Dataset excerpt -

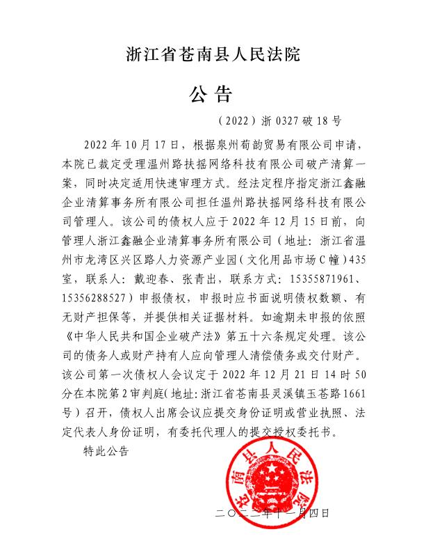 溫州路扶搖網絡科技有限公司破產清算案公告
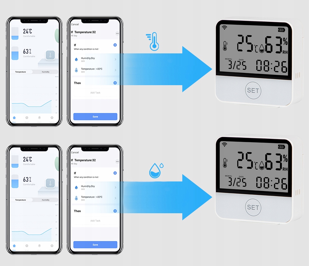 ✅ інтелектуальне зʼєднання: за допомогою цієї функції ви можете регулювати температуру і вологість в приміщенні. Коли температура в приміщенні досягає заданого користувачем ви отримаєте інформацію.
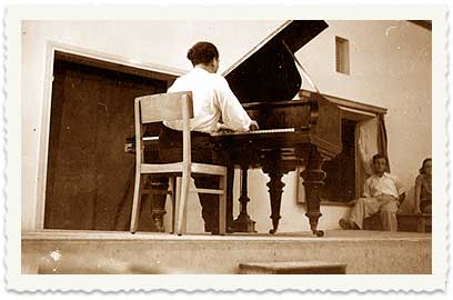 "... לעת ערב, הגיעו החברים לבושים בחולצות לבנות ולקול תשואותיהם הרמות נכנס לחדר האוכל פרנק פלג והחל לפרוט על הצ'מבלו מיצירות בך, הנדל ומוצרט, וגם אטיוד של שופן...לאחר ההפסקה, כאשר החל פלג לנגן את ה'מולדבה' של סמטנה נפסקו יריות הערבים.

Assignment -
The data is to be returned exactly as it stands, pictures aside.

Expected answer -
 溫州路扶搖網絡科技有限公司破產清算案公告
 ✅ інтелектуальне зʼєднання: за допомогою цієї функції ви можете регулювати температуру і вологість в приміщенні. Коли температура в приміщенні досягає заданого користувачем ви отримаєте інформацію.
 "... לעת ערב, הגיעו החברים לבושים בחולצות לבנות ולקול תשואותיהם הרמות נכנס לחדר האוכל פרנק פלג והחל לפרוט על הצ'מבלו מיצירות בך, הנדל ומוצרט, וגם אטיוד של שופן...לאחר ההפסקה, כאשר החל פלג לנגן את ה'מולדבה' של סמטנה נפסקו יריות הערבים.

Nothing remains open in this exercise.